I am absolutely a new comer to both the methodology and software.
I would like to know some good references to begin and what example of MPLUS to follow.
I have data on demographic variables on comsumers and their response to whether they are willing to buy a good or not. Based on this data I would like to estimate a Finite Mixture Model to identify some segements based on the demographic variables
There are many references and examples on the website. You might want to start with the following:
Muthén, B. (2001). Latent variable mixture modeling. In G. A. Marcoulides & R. E. Schumacker (eds.), New Developments and Techniques in Structural Equation Modeling (pp. 1-33). Lawrence Erlbaum Associates.
I am a new comer to both the methodology and software.
I have a longitudinal growth data for 7 years with a follow up data of 3 years. There is a gap of 5 years between the original study and the follow up. Form biological point of view, we are not expecting that the outcome continues variable have had a linear pattern during that 5y gap. In fact, a peak in the outcome variable could have been occurred during that measurement gap. I heard that MPLUS using “semiparametric approach with latent variable” can be of help. So, is that possible to predict the values during that gap, even though the pattern is not necessarily linear?
bmuthen posted on Thursday, December 22, 2005 - 4:43 pm
Yes, Mplus can be used for a "semiparametric approach with latent variables". This is typically taken to mean that the growth factors are allowed to have any form of distribution, so not restricted to the usual normal distribution. However, I don't see how this plays an important role in your situation. If you want to predict values during your time gap in observation, this can be done by estimating a factor score for the systematic part of the variation at a certain point in the gap (centering the intercept growth factor at that time). The quality of the prediction, however, would seem to mostly hinge on how well values before and after the gap reflect values in the gap (for instance a peak in the gap period may be inferred if values before the gap are on the increase and values after the gap are on the decrease).

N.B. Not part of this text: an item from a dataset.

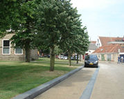 Voor de bestrating is gekozen voor een gele straatbaksteen. De stenen kleuren prachtig bij de kloostermoppen van de kerk en de stinzen. Hierdoor komen deze monumentale gebouwen na de herinrichting van de openbare ruimte optimaal tot hun recht.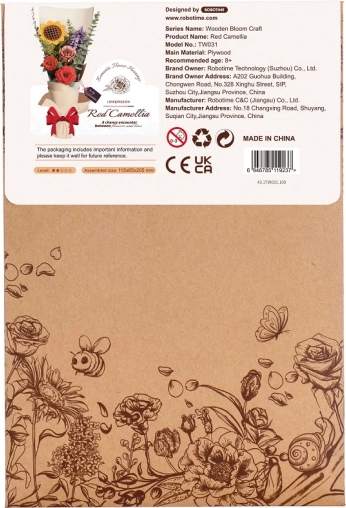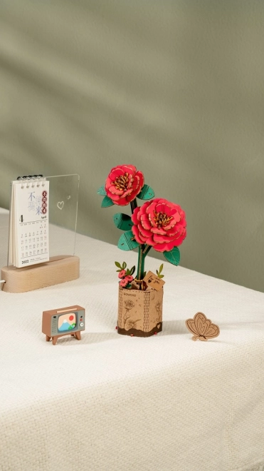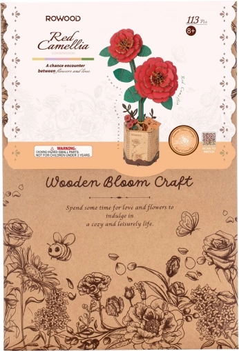 Ce puzzle 3D en bois élégant crée un modèle détaillé de camélia rouge dans un pot. Les pièces en bois de qualité, écologique, s’emboîtent avec précision et, une fois terminé, le modèle fera une excellente décoration stylée pour une table, une étagère ou un bureau.

I am not familiar with the “estimating a factor score”. Would you please provide me reference or an example?
Here are some more details about my data. During gap, none of variables (outcome and independent variables) were measured. We only have the chronological age of our subjects during that time. For my subjects there will be three possibilities for outcome variable during the gap: 1: Ascending pattern (those who experience the peak in outcome variable after the gap) 2: Descending pattern (those who experience the peak before the gap) 3: Both ascending and descending patterns (those who experience the gap during the peak) Independent variables are Ht, Wt, and environmental factors such as diet, physical activity levels. For Ht & Wt, we expect to see increase but in environmental factors they might be sustained, increase or decrease. I really appreciate any further comments.
bmuthen posted on Wednesday, December 28, 2005 - 4:59 pm
Factor score estimation is the same as what statisticians refer to as "Empirical Bayes estimation" - it gives estimates of the value of a growth factor for each individual and therefore can be used to predict the outcome. The quality of prediction is however dependent on how many time points you observe for each person. If you expect a peak, you might have a quadratic growth shape and this is not well estimated unless you have several time points that represent the curvature for the quadratic growth curve.
I have a dataset containing responses from 200 surgeons, each of whom rated on a scale ranging from 1 to 6 the appropriateness of a surgical intervention for 16 patients. The descriptions of the patients contained a number of characteristics with two to three levels (represented as dummy variables).
I hope to be able to use MPLUS to estimate a number of regression equations in which the rating of the surgeons is the dependent variable and the patient characteristics are the independent variables and each regression equation represents the results for a “latent class” of surgeons who responded to the clinical characteristics in a similar way. I guess it's a classic market segmentation exercise.
I've tried to find in the user's guide how I could represent that the responses are clustered within the surgeons and that the latent classes should relate to the surgeons.
Ultimately, as output I would like to report the model coefficients for the latent classes of surgeons and the probability / prevalence of class membership.